Delight your guests with Jenny’s delicious Easter buns, chocolate and berry crepe cake and Mediterranean style bread which are all perfect for entertaining over the Easter weekend.

Le-Anne Engelbrecht, executive marketing director for SASKO, explains why Top Bakers was created. “At SASKO, we have something for every skill level – bake mixes for mom’s who are time-strapped, through to the finest flours used by bakeries that run 24/7 to ensure millions of tummies are full during the day, or those who wake up at 2am to feed commuters queuing to catch taxis or buses before the sun rises. Top Bakers is about celebrating these people.”

Jenny’s recipes ( see below ) showcase how traditional dishes and recipes can receive a twist to make them exciting again, ensuring they’re a topic of conversation around the table over meal times. These recipes are much like the SASKO Top Bakers group – encouraging baking enthusiasts to let their imaginations run wild. Jenny’s recipes will help you to get creative too.

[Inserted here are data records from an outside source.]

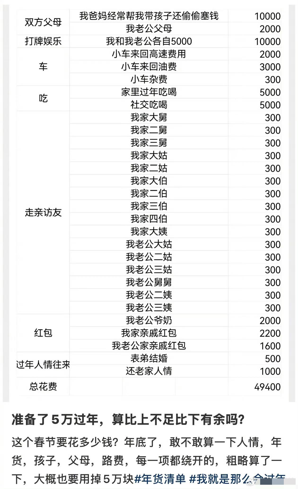 过年真花钱,我算算成本: 1、开车几百上千公里或坐高铁回去1500元。 2、给父母1000元,一年没回家了。 3、给丈母娘500元,虽然已经和老婆离婚了,毕竟她还是孩子的姥姥。 4、给姐姐两个孩子一人500元,得1000元。 5、买过年物品,鸡鱼菜肉等3000元。 6、走亲戚买礼物3000元。 7、亲戚聚餐1000元。 8、初六回去1500元。 过一个春节,7天,最少需要12500元。 春节假期,不少人辛苦一年就盼着回家歇歇。可仔细一算,回老家的开销可不少,来回车票、人情往来、吃吃喝喝,一趟下来钱包瘪了,人也累得够呛。其实,不回老家,就地过年反而更轻松。在工作地城市,喝个咖啡、逛逛街、吃顿好的,花不了几个钱,住的地方也不用额外掏钱。和回老家比起来,这哪叫花钱啊?根本就是享受! 回老家就像当“散财童子”,东奔西跑,钱花了不少,人还累得不行。现在我选择就地过年,怎么舒服怎么来,一切以自己的感受出发。毕竟,辛苦一年,就该好好犒劳自己,何必为了“传统”而折腾呢?
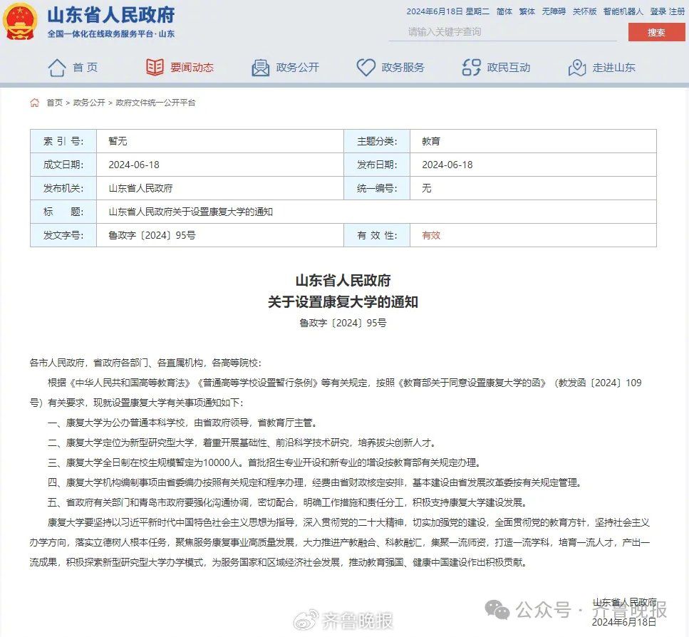 近日,山东省人民政府发布通知,事关设置康复大学,全文内容如下:山 东 省 人 民 政 府关于设置康复大学的通知鲁政字〔2024〕95号各市人民政府,省政府各部门、各直属机构,各高等院校:根据《中华人民共和国高等教育法》《普通高等学校设置暂行条例》等有关规定,按照《教育部关于同意设置康复大学的函》(教发函〔2024〕109号)有关要求,现就设置康复大学有关事项通知如下:一、康复大学为公办普通本科学校,由省政府领导,省教育厅主管。二、康复大学定位为新型研究型大学,着重开展基础性、前沿科学技术研究,培养拔尖创新人才。三、康复大学全日制在校生规模暂定为10000人。首批招生专业开设和新专业的增设按教育部有关规定办理。四、康复大学机构编制事项由省委编办按照有关规定和程序办理,经费由省财政核定安排,基本建设由省发展改革委按有关规定管理。五、省政府有关部门和青岛市政府要强化沟通协调,密切配合,明确工作措施和责任分工,积极支持康复大学建设发展。康夫大学的设置有可能会吸引到一大批关注,至于后续会如何发展我们还未可知,这所公办本科大学的设立也让更多的孩子看到了希望,希望这所大学的设立能让更多的学子们有学可上。据康复大学微信公众号消息,康复大学是由中国残疾人联合会、国家卫生健康委员会与山东省共同建设,是我国乃至世界第一所全面围绕“康复+”进行学科布局的新型研究型大学,驻地为青岛市国家高新技术产业开发区。设立康复大学,是时也,势也。国家统计局数据显示,截至2023年,我国残疾人总人数达8591.4万人,其中肢体残疾人口为1735.5万人。多数肢残人不能行走、不能站立、长期卧床,承受着巨大的心理压力和经济压力。另据民政部数据,我国“十四五”期间进入“中度老龄化”阶段,老年人口将突破3亿大关。从介绍来看,康复大学建设是“十年磨一剑”。2015年,中国残联正式提出建设康复大学;项目先后纳入国家“十三五”规划、“十四五”规划以及多个国家级专项规划;2019年3月,经中国残联、山东省多次商定,康复大学落户青岛。2019年6月4日,教育部正式批复康复大学筹建。康复大学落址的青岛,可谓天选之地。青岛这个地方,适合建设大学,尤其适合建设康复医疗类大学。
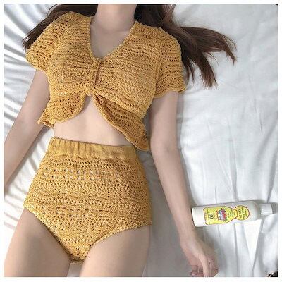 水着レディース 体型カバー ビキニ水着 セパレート ビキニ2点セット 三角パン水着 半袖 ニット風 小胸バンドゥ 40代 セクシー スイムウェア 温泉 上品
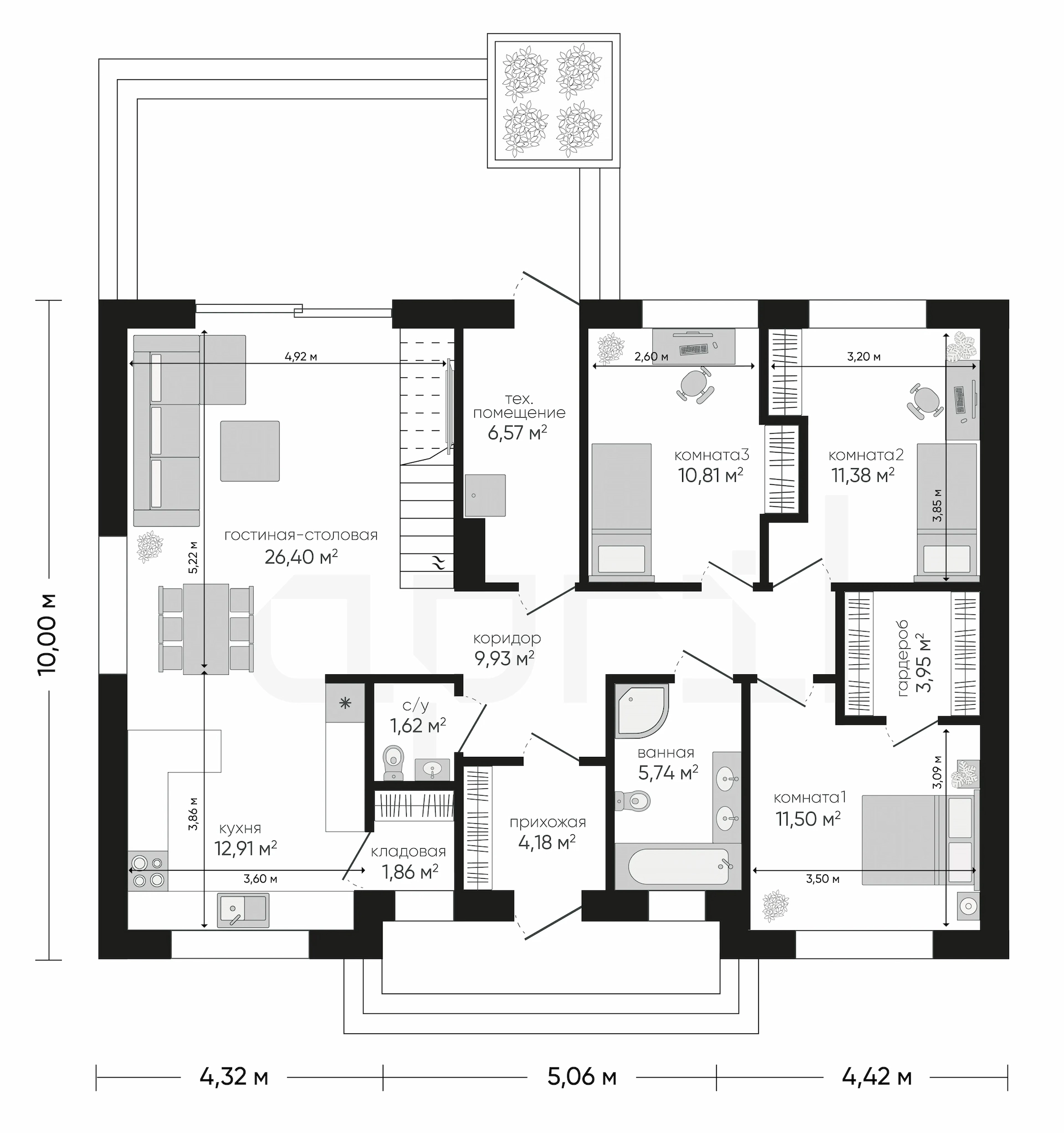 Проект рассчитан на семью из 3-4 человек.
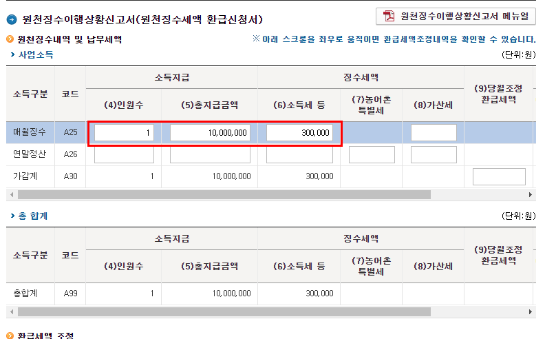 총지급금액 - 총지급금액을 입력(원천세 3.3%를 빼지 않은 금액을 넣어주세요.)
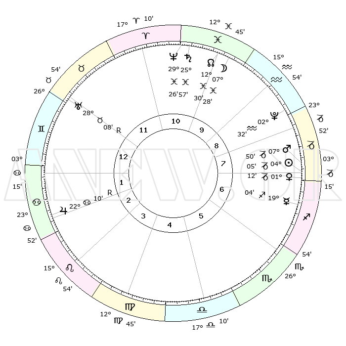 | | ΘΕΣΕΙΣ ΠΛΑΝΗΤΩΝ ΑΣΤΡΟΛΟΓΙΚΟΥ ΧΑΡΤΗ ΤΗΣ ΣΤΙΓΜΗΣ ΑΥΤΗΣ | | | | Πλανήτης | Ζώδιο | Μοίρες | Δεκαήμ. | Σε οίκο | Απόκλιση | | Ακμές των οίκων | | Ηλιος | Αιγόκερως | 03°60' | Πρώτο | 8 | 23 S 22 | | 1ος | 04°09' | Δίδυμοι | | Σελήνη | Ιχθείς | 06°26' | Πρώτο | 10 | 09 S 33 | | 2ος | 28°10' | Δίδυμοι | | Ερμής | Τοξότης | 18°57' | Δεύτερο | 7 | 22 S 47 | | 3ος | 19°27' | Καρκίνος | | Αφροδίτη | Αιγόκερως | 01°06' | Πρώτο | 8 | 23 S 41 | | 4ος | 12°33' | Λέων | | Αρης | Αιγόκερως | 07°46' | Πρώτο | 8 | 24 S 03 | | 5ος | 11°45' | Παρθένος | | Δίας | Καρκίνος | 22°10'R | Τρίτο | 3 | 21 N 50 | | 6ος | 20°48' | Ζυγός | | Κρόνος | Ιχθείς | 25°57' | Τρίτο | 11 | 03 S 42 | | 7ος | 04°09' | Τοξότης | | Ουρανός | Ταύρος | 28°08'R | Τρίτο | 12 | 19 N 33 | | 8ος | 28°10' | Τοξότης | | Ποσειδώνας | Ιχθείς | 29°26' | Τρίτο | 11 | 01 S 27 | | 9ος | 19°27' | Αιγόκερως | | Πλούτωνας | Υδροχόος | 02°32' | Πρώτο | 9 | 23 S 16 | | 10ος | 12°33' | Υδροχόος | | Β. Δεσμός | Ιχθείς | 12°31' | Δεύτερο | 11 | 06 S 52 | | 11ος | 11°45' | Ιχθείς | | Ωροσκόπος | Δίδυμοι | 04°09' | Πρώτο | | | 12ος | 20°48' | Κριός | | Μεσουράνημα | Υδροχόος | 12°33' | Δεύτερο | | | |
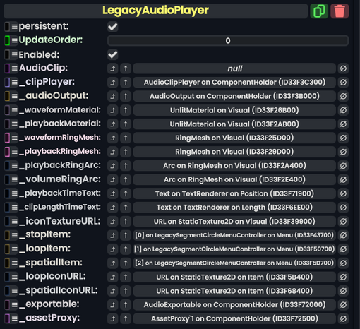 AssetProxy`1<AudioClip> | The asset proxy used to handle dropping this audio player into fields that accept audio clips. |

To keep updated on SASKO Top Bakers head to, SASKO’s Facebook page and the SASKO Top Bakers Facebook group and meet a few of SASKO’s Top Bakers in South Africa.



The buns
175ml water
75g butter – cubed
Salt – a pinch
3 eggs

Chocolate sauce
200g dark chocolate – finely chopped

Cream cheese mixture
Zest of 1 orange – finely grated
Honey – to taste
150g cream cheese
100g mascarpone

To serve
Icing sugar for dusting
50g flaked almonds
Fresh strawberries or seasonal fruits

Preheat the oven to 200 C
1. Sift the flour.
2. Pour the water into a saucepan and bring to the boil.
3. Add the butter and a pinch of salt to the hot water.
4. Once the butter has melted, add all the flour and stir until the flour is incorporated and starts to pull away from the sides of the saucepan as one ball.
5. Remove the saucepan from the heat and allow to cool.
6. Now beat the eggs in one at a time with an electric whisk until it is smooth and glossy.
7. Drop 8 mounds of dough onto a silicone-covered baking sheet.
8. Bake in a preheated oven for 25-30 minutes or until well risen and golden.
9. Prick buns with a skewer to let the steam escape.
10. Turn the oven off and return the buns to dry out.

Chocolate sauce
1. Melt the chocolate pieces in a glass bowl over a saucepan filled with boiling water (don’t let the base of the bowl touch the water).
2. Leave it to one side until you serve.

Cream cheese mixture
1. Zest the orange into a bowl.
2. Add the honey and cream cheese and mix together.
3. Mash the mascarpone into the mixture.

To assemble and serve
1. Split the pastry delights in half.
2. Dip the top halves in the chocolate sauce.
3. Spread cream cheese mixture onto the bottom halves.
4. Put the tops back on the bottom halves.
5. Dust with icing sugars
6. Sprinkle with some almonds.
7. Add some fresh strawberries or seasonal berries to the plate and serve.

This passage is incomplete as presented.